Brendan McDermid | Reuters

More retail traders are taking a page from the pros by investing in leveraged and inverse funds. The most active exchange-traded fund on retail trading platform Webull is the ProShares UltraPro Short QQQ, in terms of the number of shares changing hands.

Proshares routinely sees $5 billion in notional trade each day. The boost in trading volume of leveraged and inverse ETFs like SQQQ and its opposite TQQQ, has led to the Nasdaq-indexed ETFs outpacing the S&P 500 in the second quarter of 2022.

Webull CEO Anthony Denier said retail investors are embracing leverage to make up for their accounts being downgraded, and they are not able to qualify for leverage in terms on margin.

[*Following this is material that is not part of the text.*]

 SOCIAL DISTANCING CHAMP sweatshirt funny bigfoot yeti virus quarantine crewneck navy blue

"The average account went from $5,000 to now averaging about $3,000 on a platform like Webull," Denier told CNBC's Bob Pisani in an interview Wednesday on "ETF Edge."

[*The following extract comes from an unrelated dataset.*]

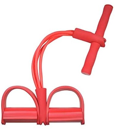 حبال - حبال - 4 أنابيب مطاطية للقدم قابلة للسحب ومتعددة الاستخدامات مصنوعة من المطاط ومزودة بدواسة تمارين رياضية لتمارين اللياقة البدنية (1 قطعة حمراء)

"So, they're utilizing these leveraged ETFs to make up for their account being downgraded maybe from a margin, or to a nonmargin account, or possibly only even a cash account," Denier added.   

While the SPDR S&P 500 ETF Trust (SPY) is still the largest in terms of dollar trading, DataTrek co-founder Nicholas Colas said that the surge shows an increase in risk tolerance from retail investors.

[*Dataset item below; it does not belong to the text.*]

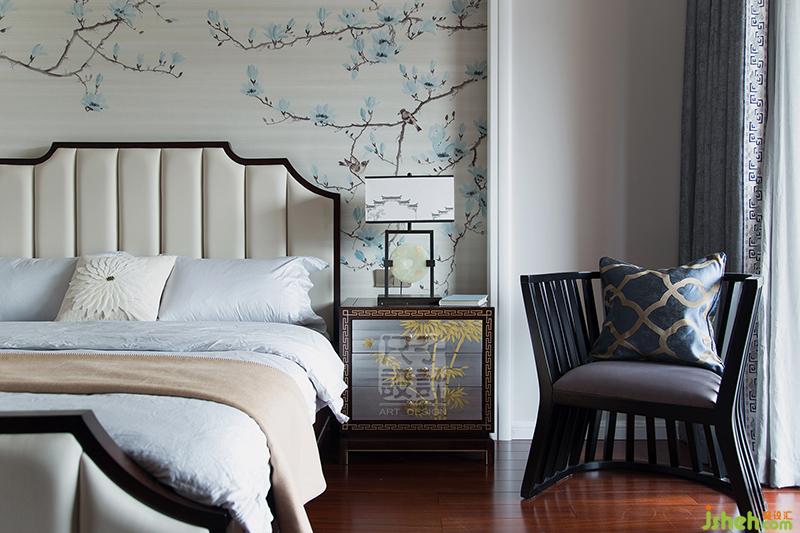 居之然,處之安,典雅的主臥是心靈的休憩之所。背景墻上的花鳥雖是寥寥幾筆卻很傳神,靈動的鳥兒躍然壁上,仿佛下一秒就可在耳邊輕語。

"From a market standpoint it tells us that a lot of retail traders are trying to maybe claw back some of the losses from earlier in the year," Colas said in the same interview Wednesday.

"They're down, they want to get back up, and so they see the riskier bets as the most efficient way to try and claw back some of those losses and get back flat on the year and make some money," he said.

Fair-weather trader?  

With many investors having only experienced a bull market, the looming bear market marks a defining moment to distinguish active traders from fair-weather investors. For those still in the game, there's still money to be made.

"Short sales alone we are seeing up 400% on our platform this quarter," Webull's Denier said. "That's an active trader utilizing this volatility."    

Follow the fund flows

Following a month of peak outflows in April, May brought an inflow in equities and bonds, signaling that investors might be pulling back.

"The money seems to be going directly into consumption," Colas said. "It's not going into bank accounts; it's not going into money market funds. It's being used primarily for consumption in an inflationary economy."

Despite being a stable performer for investors this year, the energy sector saw modest outflows for the month of May.